We have presented a new, scalable architecture for content-aware request distribution in Web server clusters. Content-aware distribution improves server performance by allowing partitioned secondary storage, specialized server nodes, and request distribution strategies that optimize for locality.
Our architecture employs a level-4 switch that acts as the central point of contact for the server on the Internet, and distributes the incoming requests to a number of back-ends. In particular, the switch does not perform any content-aware distribution. This function is performed by each of the back-ends, who may forward the incoming request to another back-end based on the requested content. In order to make their request distribution decisions, the back-ends access a dispatcher node that implements the request distribution policy.

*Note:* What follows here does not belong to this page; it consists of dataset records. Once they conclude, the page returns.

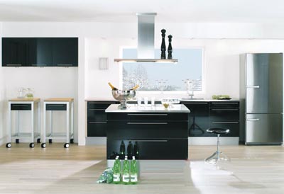 這款舒適的櫥柜安裝有黑色高光防火板門板。這個款型中,我們并沒有節(jié)省任何材料,然而價格卻更低。黑色和不銹鋼的組合,易顯經(jīng)久不衰的高雅。
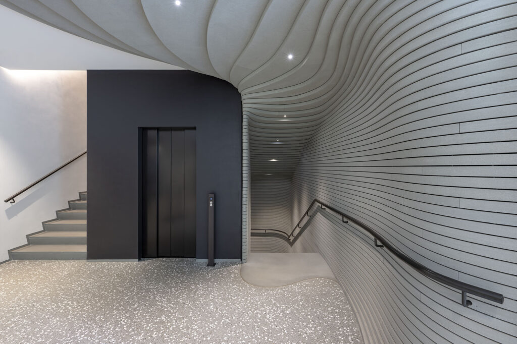 A stunning carved serena stone staircase leads to the subterranean space. Visitors are drawn into a dimly lit space seamlessly lined by skilfully layered stone slabs throughout the exhibition route.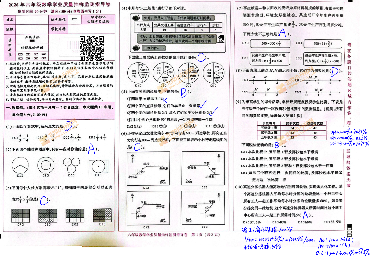 2025-2026学年第一学期朝阳区小学六年级期末数学试题答案已出,包括选择题、填空题、计算题、解答题,北京小升初网分享相关信息,供各位学生家长们查看。

In terms of scalability, the proposed architecture compares favorably with existing approaches, where a front-end node performs content-aware request distribution. In our architecture, the expensive operations of TCP connection establishment and handoff are distributed over all back-end nodes, rather than being centralized in the front-end node. Only a minimal additional latency penalty is paid for much improved scalability. Furthermore, the dispatcher module is so fast that centralizing it on a single 300MHz PIII machine scales to throughput rates of up to 50,000 conns/sec.
We have implemented this new architecture, and we demonstrate its scalability by comparing it to a system that performs content-aware distribution in the front-end, both under synthetic and trace-driven workloads.